The Voom decision is notable for at least three reasons in addition to the guidance concerning the timing of implementing a litigation hold. First, while not expressly stating that self-collection in every case is improper, the First Department, citing Pension Comm. Of the Univ. of Montreal Pension Plan, 685 F. Supp. 2d 456, 473 (S.D.N.Y. 2010), found, “[i]n this case, EchoStar’s reliance on its employees to preserve evidence ‘does not meet the standard for a litigation hold.’” Second, the Court found the lower court’s consideration of EchoStar’s sanction for bad faith conduct relating to “substandard document practices” in an unrelated District of Maryland case, Broccoli v.
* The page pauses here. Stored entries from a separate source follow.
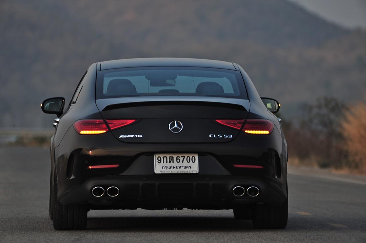 การปรับหน่วงของชุดบังคับเลี้ยว Active Steering Assist ขึ้นตรงกับสปีดความเร็วและโหมดขับเคลื่อนที่เลือก ระบบควบคุมจะมอบน้ำหนักพวงมาลัยที่พอดิบพอดีกับความเร็วที่ใช้ในขณะนั้น ทำให้ CLS 53 AMG เป็นซาลูนไซส์กลางตัวยาวที่ควบคุมได้ง่ายแทบจะไม่แตกต่างไปจาก BMW 540i xDrive รถคู่แข่งที่มีเครื่องยนต์ 6 สูบเรียงเหมือนกัน แต่มีกำลังน้อยกว่าเจ้าตราดาวสายโหดรุ่นนี้พอสมควร AMG Performance 4MATIC+ all-wheel drive พร้อมชุดกระจายแรงบิด fully variable torque distribution รับหน้าที่จัดสรรแรงบิดไปยังล้อต่างๆ ผ่านเซนเซอร์ที่คอยตรวจจับลักษณะของการขับ แรง G การเร่งหรือเลี้ยว องศาของพวงมาลัยและสปีดความเร็ว ส่วนตัวเลขสมรรถนะของ CLS 53 AMG เร่งจาก 0-100 กิโลเมตรต่อชั่วโมงใน 4.5 วินาที เป็นอัตราเร่งที่อยู่ในกลุ่มเดียวรถสปอร์ตกำลัง 400 แรงม้า ส่วนความเร็วสูงสุดถูกจำกัดเอาไว้ด้วยระบบอิเล็กทรอนิกส์ที่ 250 กิโลเมตรต่อชั่วโมง อัตราสิ้นเปลืองเชื้อเพลิงทั้งในและนอกเมืองเคลมมาที่ 8.7 ลิตร ต่อระยะทาง 100 กิโลเมตร ขับจริงๆ ในเมืองกินเชื้อเพลิงประมาณ 9.7 กิโลเมตรต่อลิตร ส่วนนอกเมือง ถ้าขับเรื่อยๆ ไม่กดคันเร่งลงลึกบ่อยครั้ง อยู่ที่ 12.4 กิโลเมตรต่อลิตร อัตราการปล่อยคาร์บอนไดออกไซด์อยู่ที่ 200 กรัม ต่อระยะทาง 1 กิโลเมตร การออกแบบภายนอกและภายในที่เน้นบรรยากาศของรถสปอร์ตกับไดนามิกของการควบคุมบนแนวทางการปรุงแต่งจากสำนัก AMG จุดเด่นของเครื่องยนต์เบนซินแบบใหม่ขนาด 3.0 ลิตร คือ ระบบเทอร์โบชาร์จเจอร์และคอมเพรสเซอร์ไฟฟ้า EQ Boost Assist บอกเลยว่าแรงและขับสนุกมาก
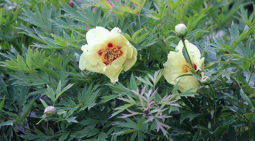 Отличается от всех других разновидностей пион тонколистный красный благодаря необычной листве.
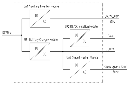 辅助变流器将来自接触网的DC750V直流电压转换成三相380V/50Hz输出给交流负载供电、DC110V输出给蓄电池及110V直流负载供电、DC24V输出给24V直流负载供电、单相220V/50Hz输出给交流负载供电。
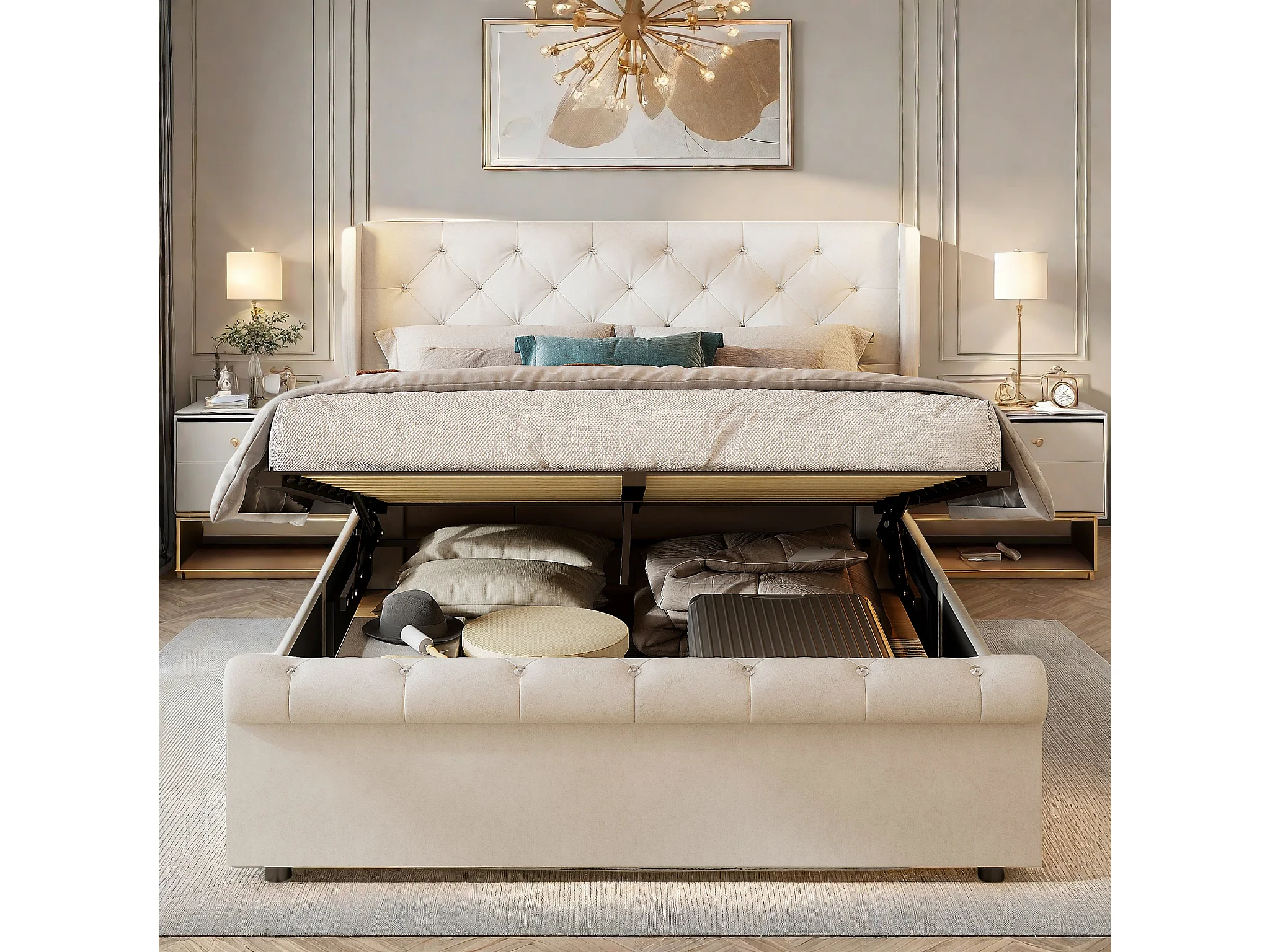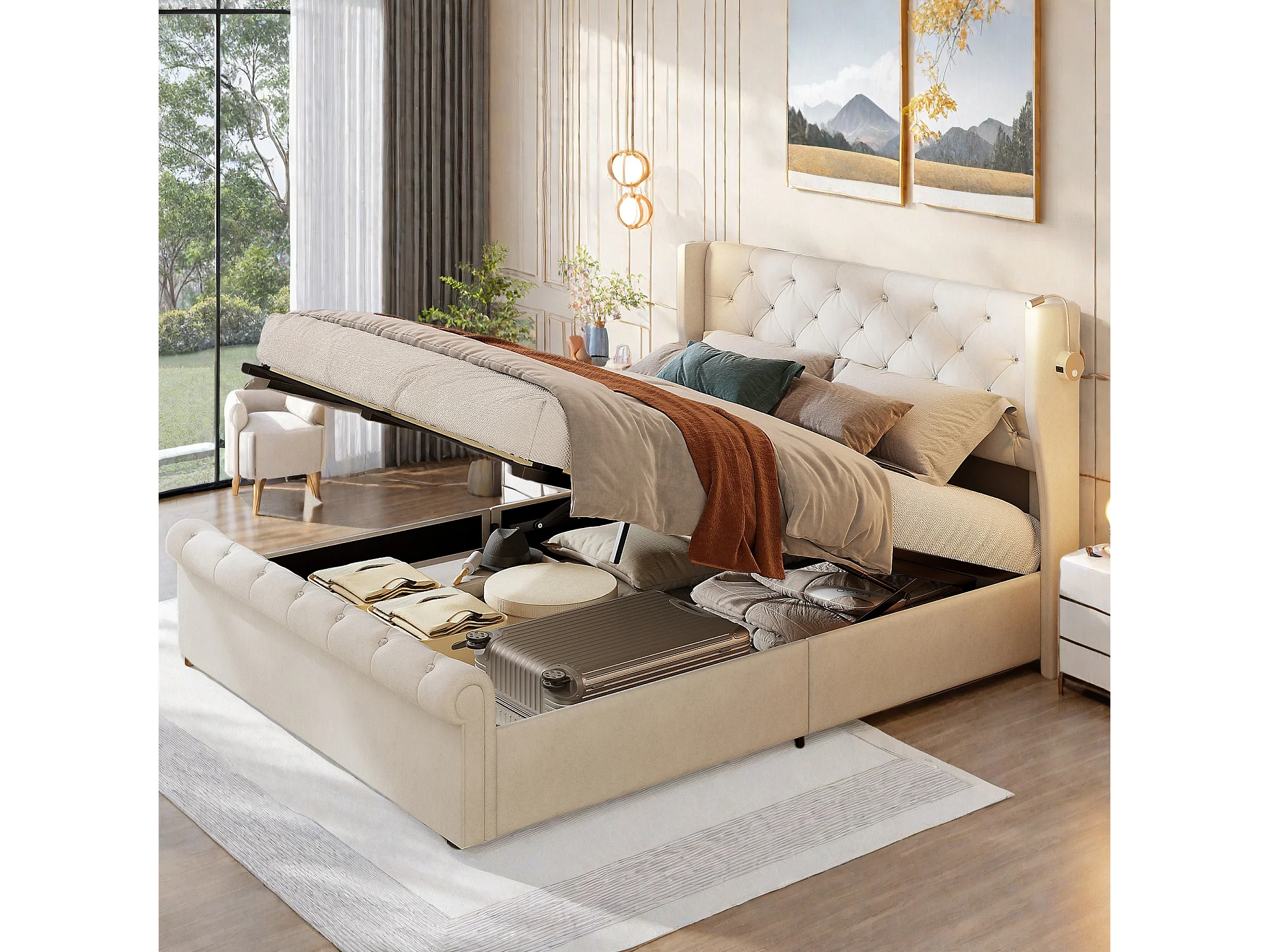 Lit coffre adulte 140x190 cm - Lit adulte en tissu velours beige - Lit double capitonné avec sommier à Lattes - Lampe de Lecture et USB
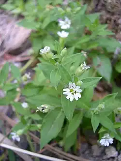 Silene menziesii is a species of flowering plant in the family Caryophyllaceae known by the common names Menzies' campion[2] and Menzies' catchfly. It is native to western North America from Alaska through the western half of Canada to the southwestern United States. It can be found in many types of habitat and it is quite common in much of its range. It is variable in morphology and there are a number of varied subtaxa. In general, it is a perennial herb growing from a caudex, appearing matlike, decumbent, or erect, with stems a few centimeters to over half a meter long. It is usually hairy in texture, with upper parts bearing sticky glandular hairs. The leaves are lance-shaped, oppositely arranged in pairs, and a few centimeters in length, upper leaves usually smaller than lower. Flowers may occur in a cyme at the top of the stem, or in leaf axils, or both. Each is encapsulated in a hairy, veined calyx of fused sepals. The petals are white with two lobes at the tips. The plant is dioecious with male and female plants producing different flowers. The male and female flower types look the same externally; the stamens are reduced in female plants and the stigmas are reduced in the male.
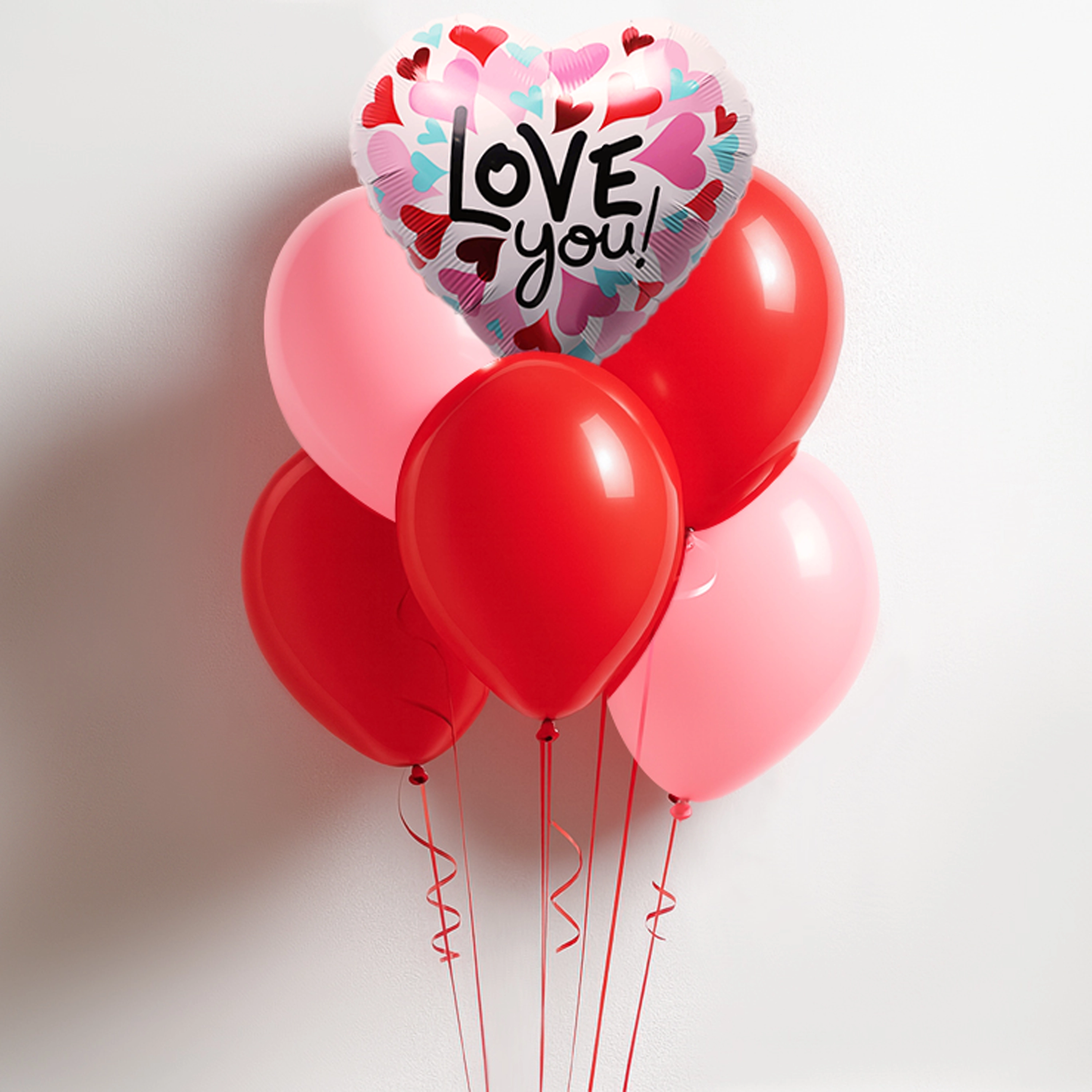 Love You Balloon Bundle includes: One I Love You, 16 inch foil balloon, and six 12-inch latex balloons. All are helium-filled

Echostar Commc’ns Corp., 229 F.R.D. 506 (D. Md. 2005), to be proper and warranted in assessing gross negligence: “The [Broccoli] case demonstrates that EchoStar was well aware of its preservation obligations and of the problems associated with its automatic deletion of e-mails that could be relevant to litigation to which it was a party.” Third, the Court did not consider email “snapshots” that included relevant emails for certain relevant time periods that were recovered in connection with EchoStar’s other litigations to be a mitigating factor; to the contrary: “These e-mails — a handful only fortuitously recovered, and highly relevant — certainly permitted the inference that the unrecoverable e-mails, of which the snapshots were but a representative sampling, would have also been relevant.”
The Voom opinion raises difficult questions regarding when companies should decide that pre-litigation negotiations have deteriorated to the point that litigation is “reasonably likely,” and even whether that amorphous standard is an appropriate one on which to base litigation hold trigger decisions. In fact, Lawyers for Civil Justice (“LCJ”), which had filed an amicus brief asking the First Department to overturn Justice Lowe’s verdict, issued a “Special Update” on February 1, 2012 calling the Voom decision a “disappointing setback” and contending that it underscores the need for e-discovery reform. Specifically, LCJ argues that Justice Lowe’s verdict “places an unfair burden on corporations and creates an unattainable standard of practice that will leave even the best intentioned corporations vulnerable to unwarranted legal sanction.” The standard adopted by the First Department, one LCJ member stated, “would vastly inflate costs for corporations as electronic data increases.”
Notwithstanding the controversy surrounding this decision, Voom is instructive for several reasons. Voom should prompt an advocate to make herself aware of a company’s e-discovery past and present with respect to unrelated litigations and to counsel her client to learn from its prior mistakes. Further, it highlights that practitioners should weigh the pros and cons of self-collection. At the very least, where a client has self-collected electronic documents, a practitioner should anticipate opposing counsel’s invocation of this new case in an attempt to impugn that self-collection. Finally, and most significantly, Voom confirms that the duty to preserve electronic evidence is not necessarily synonymous with the commencement of a litigation. Indeed, as in Voom, these obligations can arise months before actual litigation and can be triggered internally when a company reasonably anticipates the commencement of legal action, even when that eventuality may be completely unknown to the future adversary.